● **RECORD SET**:
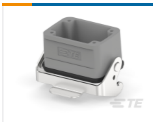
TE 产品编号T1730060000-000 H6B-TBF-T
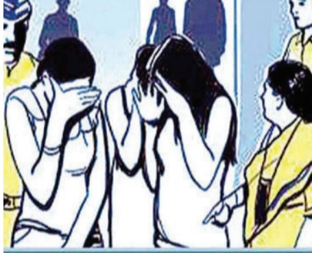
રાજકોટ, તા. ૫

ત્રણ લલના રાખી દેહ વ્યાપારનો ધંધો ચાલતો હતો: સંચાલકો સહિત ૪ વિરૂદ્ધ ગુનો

...

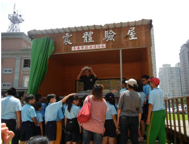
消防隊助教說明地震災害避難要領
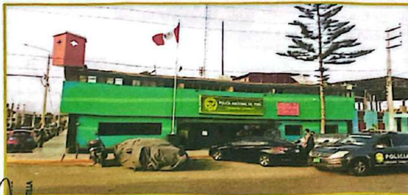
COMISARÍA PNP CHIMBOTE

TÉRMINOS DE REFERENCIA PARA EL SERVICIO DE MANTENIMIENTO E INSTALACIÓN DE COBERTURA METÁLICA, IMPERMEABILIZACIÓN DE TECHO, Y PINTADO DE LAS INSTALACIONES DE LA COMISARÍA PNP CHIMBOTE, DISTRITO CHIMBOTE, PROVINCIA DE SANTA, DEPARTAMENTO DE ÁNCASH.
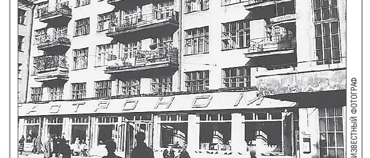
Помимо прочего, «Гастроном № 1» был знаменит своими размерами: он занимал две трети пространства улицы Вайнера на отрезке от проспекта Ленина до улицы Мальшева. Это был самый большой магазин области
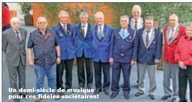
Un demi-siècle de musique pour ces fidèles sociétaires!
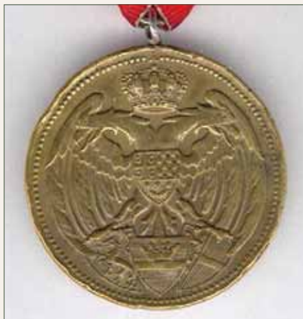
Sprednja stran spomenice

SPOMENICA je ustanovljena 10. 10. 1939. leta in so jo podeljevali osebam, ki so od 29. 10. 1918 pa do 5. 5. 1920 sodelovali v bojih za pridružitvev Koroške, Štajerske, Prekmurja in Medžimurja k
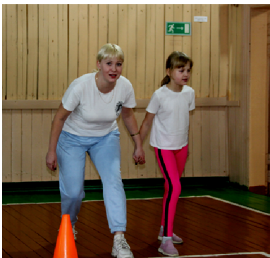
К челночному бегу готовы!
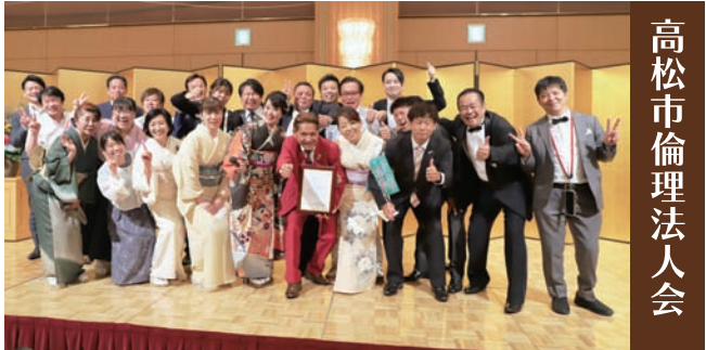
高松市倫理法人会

--

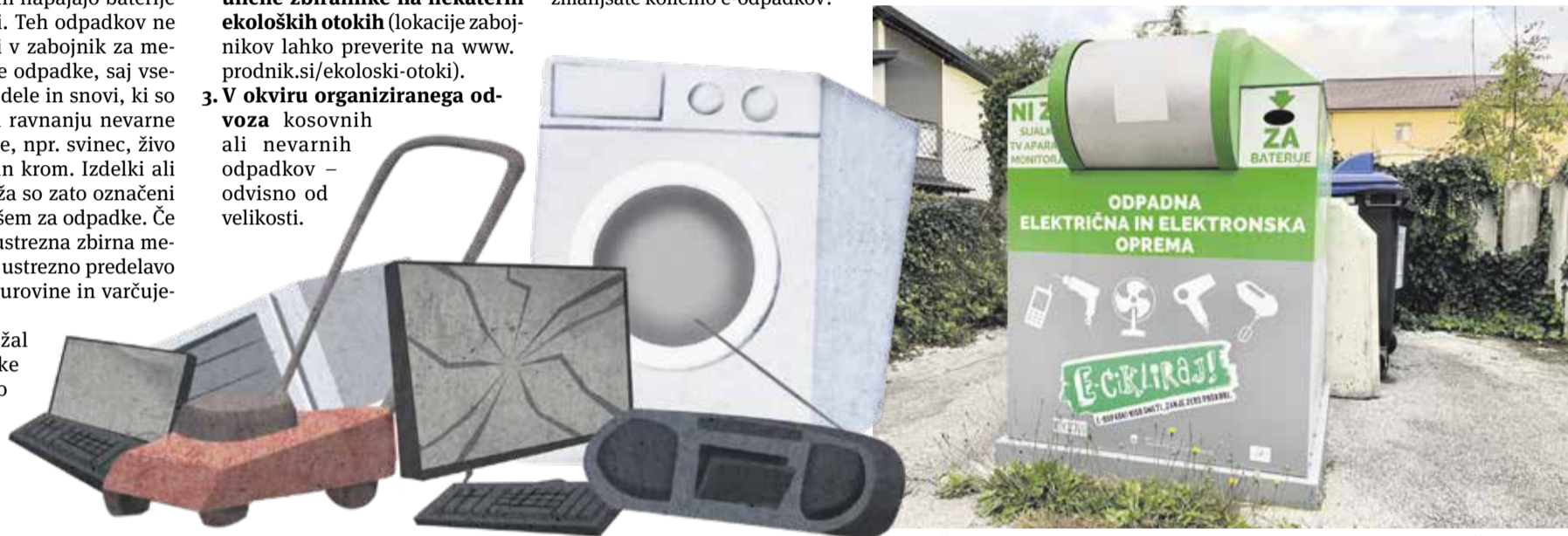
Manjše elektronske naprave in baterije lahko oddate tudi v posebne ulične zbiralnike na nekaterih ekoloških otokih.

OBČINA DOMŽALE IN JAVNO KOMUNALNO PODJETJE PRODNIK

● **REQUIREMENT**: Write out only the lines that run from the line containing "રાજકોટ, તા. ૫" through the line containing "ત્રણ લલના રાખી", both included, exactly as they appear above.

● **ANSWER BOX**:
રાજકોટ, તા. ૫

ત્રણ લલના રાખી દેહ વ્યાપારનો ધંધો ચાલતો હતો: સંચાલકો સહિત ૪ વિરૂદ્ધ ગુનો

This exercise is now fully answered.